For every series of trials of the same amplitude, a Chi-square-four-field test was performed to assess if the probability of the bee to react when the stimulus was present was higher than when absent. If the test was significant (χ2 > 3.84, p < 0.05), the amplitude was decreased; if not significant, the amplitude was increased. This procedure was repeated until a threshold was found. Each queen (both virgin and laying) and each drone were tested along with 14 trials for every amplitude. The workers were tested along with 30 trials. The difference in number of trials is due to the resistance of the various groups to vibrations and experimental conditions: queens and drones tended to get stressed much faster than workers. The subjects of drones, virgin queens, and laying queens were tested alone in the petri-dish, while workers were always paired. This choice was dictated by the sociality of honey bees: the presence of a companion made workers more reassured inside the tiny space of a petri-dish and allowed to perform the experiment. The experiment was run in a completed dark and isolated room, in order to exclude any distraction for the bees, with the only presence of a red light to permit to the experimenter to see (the red wavelength is out from the bee visual spectrum). The animals were collected from colonies situated in our university botanical garden and gently chilled with ice to position them inside the petri-dish and then transferred into the dark room. Afterward, a time span of 30–45 min was used to let the animals familiarize and acclimatize with the new environment, before the experiment was started (Figure 1). The same group of queens was tested for each frequency: 15 virgin queens and 13 laying queens, respectively. Conversely, different groups of 20 workers and 30 drones were tested for every frequency. In addition, different groups of 23 workers were tested for their freezing response for every frequency. The virgin queen age spanned from 2 to 5 days old. The age of laying queens instead spanned between 2 months old and 2 years old. The age of workers and drones is unknown, since they were taken randomly from the colonies.
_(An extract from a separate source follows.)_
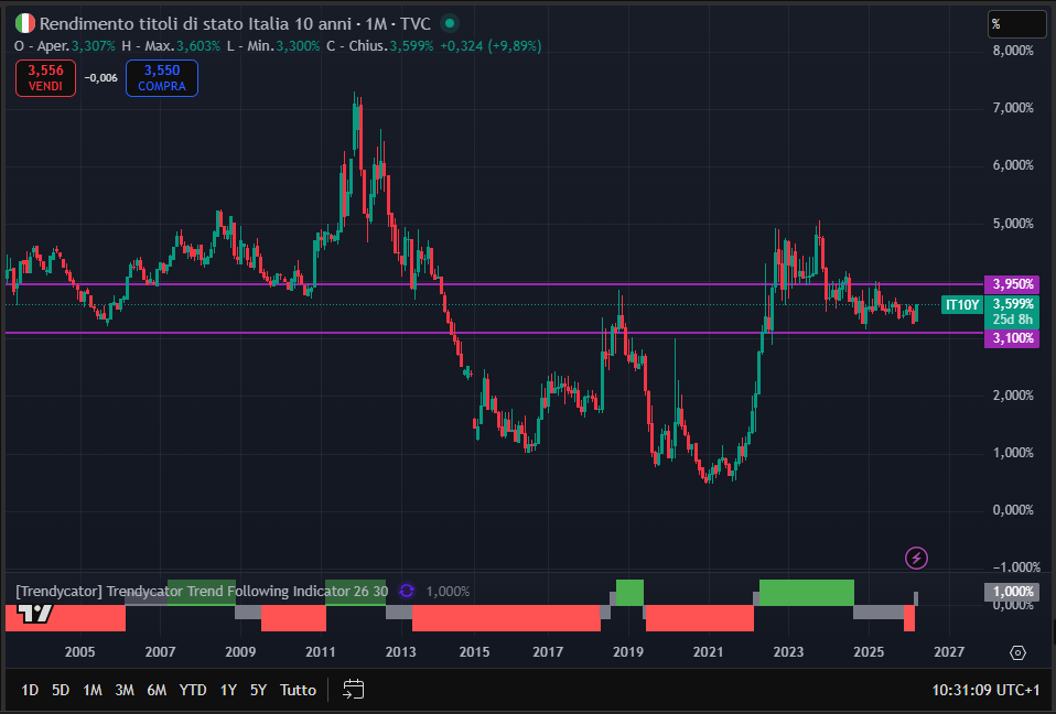 In altre parole, per arrivare alla durata piena di dieci anni e incassare tutte le cedole previste – pari complessivamente al 71% – il rendimento del BTP dovrebbe rimanere all’interno di un corridoio piuttosto preciso, compreso tra 3,10% e 3,95%.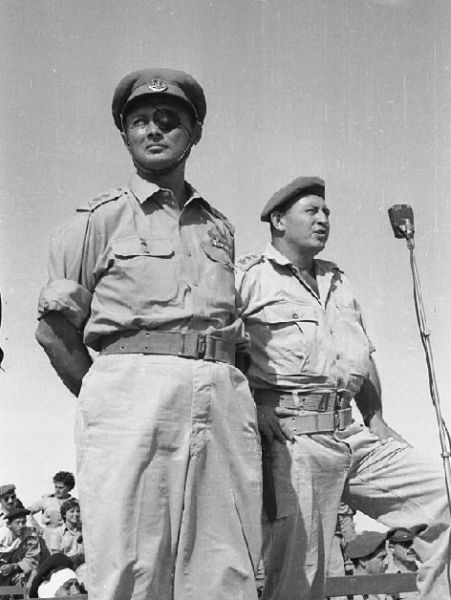 Начальник генштаба Армии обороны Израиля Моше Даян и командир 9-й бригады Авраам Йоффе на параде в Шарм аш-Шейхе 6 ноября 1956 года

Two workers in the petri-dish mounted on a vibrational exciter. Observations were made under dim red light.
The mean thresholds for every group and frequency were calculated and were successively compared with one another using U-test (for independent groups) to highlight any significant difference in sensitivity. The U-test was run using Matlab.
3 Results
Honey bees reacted behaviorally with an initial freezing response at the highest amplitudes and then with a stand-by antenna position or with a lowering of the antenna toward the ground, when the amplitudes were getting lower. The lowering of the antennas was particularly evident in drones. The vibrational sensitivity was higher for all the groups at 500 Hz (Figure 2). The lowest thresholds found in virgin queens and in workers at 500 Hz were 0.25 m/s2 pp. At all frequencies, workers and virgin queens were significantly more sensitive than laying queens and drones (U-test, p < 0.01). At 350 Hz and 400 Hz, laying queens were in addition significantly more sensitive than drones (U-test, p < 0.01), and at 350 Hz, virgin queens were in addition slightly but significantly more sensitive than workers (U-test, p < 0.01). In workers and drones, there was a significant difference in sensitivity between the lowest and the highest frequency (350 and 500 Hz; U-test, p < 0.01). Virgin queens present a constant threshold along all frequencies (U-test, p > 0.01). Details of the analysis and significant differences (p-values) among the four groups can be visualized in Table I in the Appendix.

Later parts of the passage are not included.